**YOUR ASSIGNMENT:** The data below has to be returned exactly, down to the last character.

-*-*-

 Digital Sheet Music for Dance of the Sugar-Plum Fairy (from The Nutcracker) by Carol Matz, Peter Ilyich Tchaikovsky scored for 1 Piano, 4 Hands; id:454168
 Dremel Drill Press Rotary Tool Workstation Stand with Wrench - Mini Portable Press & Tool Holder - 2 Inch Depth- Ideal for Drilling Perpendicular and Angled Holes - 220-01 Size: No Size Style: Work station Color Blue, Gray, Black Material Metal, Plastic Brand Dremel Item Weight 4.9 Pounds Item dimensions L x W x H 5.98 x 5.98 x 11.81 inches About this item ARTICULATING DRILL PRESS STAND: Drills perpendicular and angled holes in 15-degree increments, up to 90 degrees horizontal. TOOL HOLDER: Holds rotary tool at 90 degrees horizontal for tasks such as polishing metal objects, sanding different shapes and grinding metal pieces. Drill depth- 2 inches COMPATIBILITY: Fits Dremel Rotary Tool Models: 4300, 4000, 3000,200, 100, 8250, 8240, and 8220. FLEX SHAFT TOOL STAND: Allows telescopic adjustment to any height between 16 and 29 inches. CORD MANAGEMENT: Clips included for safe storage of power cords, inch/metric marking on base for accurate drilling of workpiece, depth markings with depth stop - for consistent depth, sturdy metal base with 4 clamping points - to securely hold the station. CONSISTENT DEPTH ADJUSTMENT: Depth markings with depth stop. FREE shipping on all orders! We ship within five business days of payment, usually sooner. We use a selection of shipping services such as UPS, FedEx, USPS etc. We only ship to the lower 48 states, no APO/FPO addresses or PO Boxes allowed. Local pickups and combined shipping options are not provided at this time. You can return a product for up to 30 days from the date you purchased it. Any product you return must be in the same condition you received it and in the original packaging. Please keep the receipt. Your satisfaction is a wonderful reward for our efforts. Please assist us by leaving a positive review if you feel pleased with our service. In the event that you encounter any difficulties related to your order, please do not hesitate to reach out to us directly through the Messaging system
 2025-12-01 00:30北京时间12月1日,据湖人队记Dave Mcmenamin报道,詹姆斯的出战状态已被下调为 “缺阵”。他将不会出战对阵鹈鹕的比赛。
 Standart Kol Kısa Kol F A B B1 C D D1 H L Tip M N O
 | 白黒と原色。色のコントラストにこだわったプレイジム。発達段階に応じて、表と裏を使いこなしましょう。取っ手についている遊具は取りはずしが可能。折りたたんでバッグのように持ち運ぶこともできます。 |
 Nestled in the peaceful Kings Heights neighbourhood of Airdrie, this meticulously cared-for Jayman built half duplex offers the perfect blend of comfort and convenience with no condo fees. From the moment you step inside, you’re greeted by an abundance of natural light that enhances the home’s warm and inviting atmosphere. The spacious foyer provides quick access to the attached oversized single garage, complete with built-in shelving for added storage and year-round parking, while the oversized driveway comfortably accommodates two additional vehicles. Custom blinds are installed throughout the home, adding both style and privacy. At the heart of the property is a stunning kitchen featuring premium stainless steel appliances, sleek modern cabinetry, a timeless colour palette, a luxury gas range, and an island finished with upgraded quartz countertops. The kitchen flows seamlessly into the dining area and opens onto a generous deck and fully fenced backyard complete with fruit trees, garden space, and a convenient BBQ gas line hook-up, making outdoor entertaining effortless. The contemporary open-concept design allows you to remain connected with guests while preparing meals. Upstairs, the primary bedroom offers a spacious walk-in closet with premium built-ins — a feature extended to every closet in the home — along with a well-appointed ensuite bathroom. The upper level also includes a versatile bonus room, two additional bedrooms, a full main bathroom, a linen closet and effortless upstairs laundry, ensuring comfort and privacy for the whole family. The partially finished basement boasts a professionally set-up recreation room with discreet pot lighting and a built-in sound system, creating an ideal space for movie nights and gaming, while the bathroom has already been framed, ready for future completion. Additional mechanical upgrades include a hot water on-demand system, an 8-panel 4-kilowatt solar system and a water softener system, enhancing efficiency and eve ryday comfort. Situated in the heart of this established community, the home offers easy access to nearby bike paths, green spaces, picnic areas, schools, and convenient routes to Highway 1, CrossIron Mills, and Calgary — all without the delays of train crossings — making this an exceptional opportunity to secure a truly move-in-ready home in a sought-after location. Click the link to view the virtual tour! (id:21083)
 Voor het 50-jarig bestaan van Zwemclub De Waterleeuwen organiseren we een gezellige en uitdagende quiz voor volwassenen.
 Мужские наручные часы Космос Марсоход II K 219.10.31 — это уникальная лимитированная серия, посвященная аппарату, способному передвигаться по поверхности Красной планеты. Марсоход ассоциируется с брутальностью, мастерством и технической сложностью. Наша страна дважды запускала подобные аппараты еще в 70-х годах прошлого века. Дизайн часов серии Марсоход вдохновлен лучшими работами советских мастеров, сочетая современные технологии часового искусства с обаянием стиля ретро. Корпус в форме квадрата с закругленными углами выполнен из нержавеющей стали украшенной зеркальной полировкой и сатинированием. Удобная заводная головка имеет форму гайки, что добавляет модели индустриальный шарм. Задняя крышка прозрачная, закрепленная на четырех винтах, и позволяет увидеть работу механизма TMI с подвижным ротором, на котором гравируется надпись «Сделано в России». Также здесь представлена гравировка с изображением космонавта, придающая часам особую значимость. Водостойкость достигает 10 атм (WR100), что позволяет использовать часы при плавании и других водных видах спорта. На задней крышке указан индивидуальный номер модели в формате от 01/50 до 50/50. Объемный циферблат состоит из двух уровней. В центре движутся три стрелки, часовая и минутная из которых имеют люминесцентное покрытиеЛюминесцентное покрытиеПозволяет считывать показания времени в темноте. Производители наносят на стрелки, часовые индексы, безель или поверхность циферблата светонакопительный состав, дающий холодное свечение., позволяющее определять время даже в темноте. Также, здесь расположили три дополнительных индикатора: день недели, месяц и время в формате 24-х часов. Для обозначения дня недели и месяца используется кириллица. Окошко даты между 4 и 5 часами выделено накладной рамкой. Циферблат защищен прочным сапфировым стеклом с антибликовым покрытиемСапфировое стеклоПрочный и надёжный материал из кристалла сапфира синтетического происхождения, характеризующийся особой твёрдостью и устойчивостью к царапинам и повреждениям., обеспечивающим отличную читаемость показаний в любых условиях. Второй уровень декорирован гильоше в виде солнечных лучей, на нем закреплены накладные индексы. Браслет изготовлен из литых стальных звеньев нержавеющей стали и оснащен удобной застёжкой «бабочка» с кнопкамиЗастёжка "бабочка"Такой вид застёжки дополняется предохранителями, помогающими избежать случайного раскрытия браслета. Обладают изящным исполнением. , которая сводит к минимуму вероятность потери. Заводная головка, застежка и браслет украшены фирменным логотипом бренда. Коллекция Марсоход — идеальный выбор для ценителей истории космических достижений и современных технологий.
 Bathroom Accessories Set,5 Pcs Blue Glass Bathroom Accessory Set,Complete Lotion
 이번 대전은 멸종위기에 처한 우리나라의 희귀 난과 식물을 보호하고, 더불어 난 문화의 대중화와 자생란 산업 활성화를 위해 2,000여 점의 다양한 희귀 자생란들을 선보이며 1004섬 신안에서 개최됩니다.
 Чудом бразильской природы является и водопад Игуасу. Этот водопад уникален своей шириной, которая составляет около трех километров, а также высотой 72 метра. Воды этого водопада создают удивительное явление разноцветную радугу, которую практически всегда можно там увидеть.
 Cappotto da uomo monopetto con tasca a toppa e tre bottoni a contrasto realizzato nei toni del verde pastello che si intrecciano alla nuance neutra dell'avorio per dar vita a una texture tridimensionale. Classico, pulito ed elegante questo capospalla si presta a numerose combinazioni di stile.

-*-*-

**OUTPUT OF THE EXERCISE:**
 Digital Sheet Music for Dance of the Sugar-Plum Fairy (from The Nutcracker) by Carol Matz, Peter Ilyich Tchaikovsky scored for 1 Piano, 4 Hands; id:454168
 Dremel Drill Press Rotary Tool Workstation Stand with Wrench - Mini Portable Press & Tool Holder - 2 Inch Depth- Ideal for Drilling Perpendicular and Angled Holes - 220-01 Size: No Size Style: Work station Color Blue, Gray, Black Material Metal, Plastic Brand Dremel Item Weight 4.9 Pounds Item dimensions L x W x H 5.98 x 5.98 x 11.81 inches About this item ARTICULATING DRILL PRESS STAND: Drills perpendicular and angled holes in 15-degree increments, up to 90 degrees horizontal. TOOL HOLDER: Holds rotary tool at 90 degrees horizontal for tasks such as polishing metal objects, sanding different shapes and grinding metal pieces. Drill depth- 2 inches COMPATIBILITY: Fits Dremel Rotary Tool Models: 4300, 4000, 3000,200, 100, 8250, 8240, and 8220. FLEX SHAFT TOOL STAND: Allows telescopic adjustment to any height between 16 and 29 inches. CORD MANAGEMENT: Clips included for safe storage of power cords, inch/metric marking on base for accurate drilling of workpiece, depth markings with depth stop - for consistent depth, sturdy metal base with 4 clamping points - to securely hold the station. CONSISTENT DEPTH ADJUSTMENT: Depth markings with depth stop. FREE shipping on all orders! We ship within five business days of payment, usually sooner. We use a selection of shipping services such as UPS, FedEx, USPS etc. We only ship to the lower 48 states, no APO/FPO addresses or PO Boxes allowed. Local pickups and combined shipping options are not provided at this time. You can return a product for up to 30 days from the date you purchased it. Any product you return must be in the same condition you received it and in the original packaging. Please keep the receipt. Your satisfaction is a wonderful reward for our efforts. Please assist us by leaving a positive review if you feel pleased with our service. In the event that you encounter any difficulties related to your order, please do not hesitate to reach out to us directly through the Messaging system
 2025-12-01 00:30北京时间12月1日,据湖人队记Dave Mcmenamin报道,詹姆斯的出战状态已被下调为 “缺阵”。他将不会出战对阵鹈鹕的比赛。
 Standart Kol Kısa Kol F A B B1 C D D1 H L Tip M N O
 | 白黒と原色。色のコントラストにこだわったプレイジム。発達段階に応じて、表と裏を使いこなしましょう。取っ手についている遊具は取りはずしが可能。折りたたんでバッグのように持ち運ぶこともできます。 |
 Nestled in the peaceful Kings Heights neighbourhood of Airdrie, this meticulously cared-for Jayman built half duplex offers the perfect blend of comfort and convenience with no condo fees. From the moment you step inside, you’re greeted by an abundance of natural light that enhances the home’s warm and inviting atmosphere. The spacious foyer provides quick access to the attached oversized single garage, complete with built-in shelving for added storage and year-round parking, while the oversized driveway comfortably accommodates two additional vehicles. Custom blinds are installed throughout the home, adding both style and privacy. At the heart of the property is a stunning kitchen featuring premium stainless steel appliances, sleek modern cabinetry, a timeless colour palette, a luxury gas range, and an island finished with upgraded quartz countertops. The kitchen flows seamlessly into the dining area and opens onto a generous deck and fully fenced backyard complete with fruit trees, garden space, and a convenient BBQ gas line hook-up, making outdoor entertaining effortless. The contemporary open-concept design allows you to remain connected with guests while preparing meals. Upstairs, the primary bedroom offers a spacious walk-in closet with premium built-ins — a feature extended to every closet in the home — along with a well-appointed ensuite bathroom. The upper level also includes a versatile bonus room, two additional bedrooms, a full main bathroom, a linen closet and effortless upstairs laundry, ensuring comfort and privacy for the whole family. The partially finished basement boasts a professionally set-up recreation room with discreet pot lighting and a built-in sound system, creating an ideal space for movie nights and gaming, while the bathroom has already been framed, ready for future completion. Additional mechanical upgrades include a hot water on-demand system, an 8-panel 4-kilowatt solar system and a water softener system, enhancing efficiency and eve ryday comfort. Situated in the heart of this established community, the home offers easy access to nearby bike paths, green spaces, picnic areas, schools, and convenient routes to Highway 1, CrossIron Mills, and Calgary — all without the delays of train crossings — making this an exceptional opportunity to secure a truly move-in-ready home in a sought-after location. Click the link to view the virtual tour! (id:21083)
 Voor het 50-jarig bestaan van Zwemclub De Waterleeuwen organiseren we een gezellige en uitdagende quiz voor volwassenen.
 Мужские наручные часы Космос Марсоход II K 219.10.31 — это уникальная лимитированная серия, посвященная аппарату, способному передвигаться по поверхности Красной планеты. Марсоход ассоциируется с брутальностью, мастерством и технической сложностью. Наша страна дважды запускала подобные аппараты еще в 70-х годах прошлого века. Дизайн часов серии Марсоход вдохновлен лучшими работами советских мастеров, сочетая современные технологии часового искусства с обаянием стиля ретро. Корпус в форме квадрата с закругленными углами выполнен из нержавеющей стали украшенной зеркальной полировкой и сатинированием. Удобная заводная головка имеет форму гайки, что добавляет модели индустриальный шарм. Задняя крышка прозрачная, закрепленная на четырех винтах, и позволяет увидеть работу механизма TMI с подвижным ротором, на котором гравируется надпись «Сделано в России». Также здесь представлена гравировка с изображением космонавта, придающая часам особую значимость. Водостойкость достигает 10 атм (WR100), что позволяет использовать часы при плавании и других водных видах спорта. На задней крышке указан индивидуальный номер модели в формате от 01/50 до 50/50. Объемный циферблат состоит из двух уровней. В центре движутся три стрелки, часовая и минутная из которых имеют люминесцентное покрытиеЛюминесцентное покрытиеПозволяет считывать показания времени в темноте. Производители наносят на стрелки, часовые индексы, безель или поверхность циферблата светонакопительный состав, дающий холодное свечение., позволяющее определять время даже в темноте. Также, здесь расположили три дополнительных индикатора: день недели, месяц и время в формате 24-х часов. Для обозначения дня недели и месяца используется кириллица. Окошко даты между 4 и 5 часами выделено накладной рамкой. Циферблат защищен прочным сапфировым стеклом с антибликовым покрытиемСапфировое стеклоПрочный и надёжный материал из кристалла сапфира синтетического происхождения, характеризующийся особой твёрдостью и устойчивостью к царапинам и повреждениям., обеспечивающим отличную читаемость показаний в любых условиях. Второй уровень декорирован гильоше в виде солнечных лучей, на нем закреплены накладные индексы. Браслет изготовлен из литых стальных звеньев нержавеющей стали и оснащен удобной застёжкой «бабочка» с кнопкамиЗастёжка "бабочка"Такой вид застёжки дополняется предохранителями, помогающими избежать случайного раскрытия браслета. Обладают изящным исполнением. , которая сводит к минимуму вероятность потери. Заводная головка, застежка и браслет украшены фирменным логотипом бренда. Коллекция Марсоход — идеальный выбор для ценителей истории космических достижений и современных технологий.
 Bathroom Accessories Set,5 Pcs Blue Glass Bathroom Accessory Set,Complete Lotion
 이번 대전은 멸종위기에 처한 우리나라의 희귀 난과 식물을 보호하고, 더불어 난 문화의 대중화와 자생란 산업 활성화를 위해 2,000여 점의 다양한 희귀 자생란들을 선보이며 1004섬 신안에서 개최됩니다.
 Чудом бразильской природы является и водопад Игуасу. Этот водопад уникален своей шириной, которая составляет около трех километров, а также высотой 72 метра. Воды этого водопада создают удивительное явление разноцветную радугу, которую практически всегда можно там увидеть.
 Cappotto da uomo monopetto con tasca a toppa e tre bottoni a contrasto realizzato nei toni del verde pastello che si intrecciano alla nuance neutra dell'avorio per dar vita a una texture tridimensionale. Classico, pulito ed elegante questo capospalla si presta a numerose combinazioni di stile.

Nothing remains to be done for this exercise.